Re: CRLNumber definition and MAX

[Michael StJohns <mstjohns@xxxxxxxxxxx>]

I responded to his first email which seemed to be talking about the serialNumber field - he's since clarified he's talking about path length

Basically, you should probably just look at the integer and if its bigger than fits in a local 32 bit INT treat it as if its an unlimited length path value.  if the issuer is confused enough to issue something ridiculous you shouldn't worry about treating it in a ridiculous manner.
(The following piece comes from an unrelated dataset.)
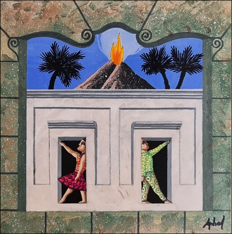 APHEL FABIO Cavalese (TN) 1957 "La coppia vulcanica" Olio su tavola cm 25x25. Firmato sul fronte in basso a destra, sul retro titolo, firma e dimensioni.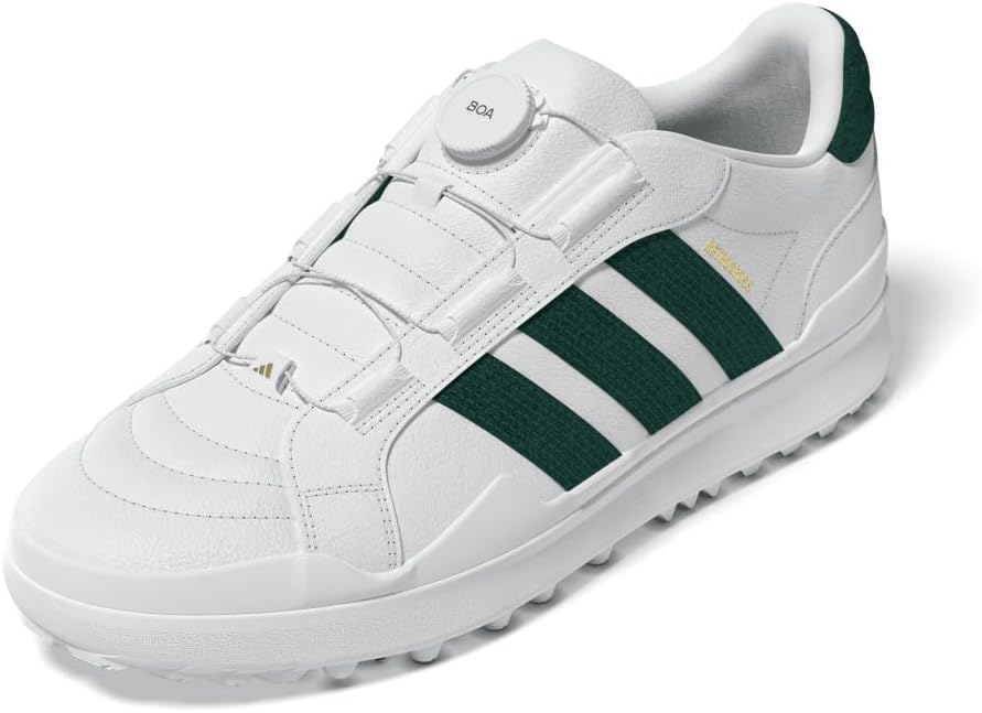 ストリートスタイルとハイパフォーマンスを融合した一足。洗練されたスニーカースタイルのデザインはカジュアルな服装にもマッチし、防水性と柔軟性に優れた天然皮革アッパーが快適な履き心地を実現。柔らかなシュータンに BOA フィットシステムを搭載し、安定したフィット感を実現。ミッドソールにはゴルフシューズ初搭載の LIGHTMOTION クッショニングを採用し、軽量かつ反発性に優れたソフトな履き心地を実現。アッパーのラバーサイドラップはデザイン性を高めつつ、同時にスイング時の横ブレを制御。また、合成皮革の3-ストライプスはステッチングと合わせて、BOAダイヤルを締めても天然皮革アッパーが伸びないように設計。最大の特徴である GRIPMORE テクノロジーは、強力なグリップ力を発揮。回転方向へのグリップ力に関してはADIPOWER SLをも凌駕する性能を実現。耐久性と粘り強さに優れたADIWEAR ラバーも使用し、あらゆる場面で高い汎用性を両立。機能性とスタイルを兼ね備えた、次世代のストリートスタイルゴルフシューズ。

I'm not sure it needs any additional text here as any value > about 20 is effectively infinite... :-) 

Mike



At 05:40 AM 6/11/2009, Jean-Marc Desperrier wrote:
>Michael StJohns wrote:
>>I think you're confusing the ASN1 definition of "long integers" with
>>the C language definition of a long int.
>>
>>4.1.2.2 constrains the serial number INTEGER
>>(CertificateSerialNumber) into the range [0..2^159] - NOT [0..2^31].
>
>Peter is not confusing the two, it's *implementations* that did it by allowing themselves to store a pathLen value inside a C language integer.
>
>This being said, it's a reasonable assumption for applications to think it makes no sense to allow a path length to go over 2^31 and to not even try to handle values larger than that in pathLen, BaseDistance or SkipCerts.
>
>I'd go so far as adding text to say something like application MUST handle a path length up to 20, CA MUST NOT generate a path length longer than 20, and MUST NOT insert a value larger than that in any of those three values. CRLNumber and CRLNumber would, of course, still be allowed to up to 20 octets in length.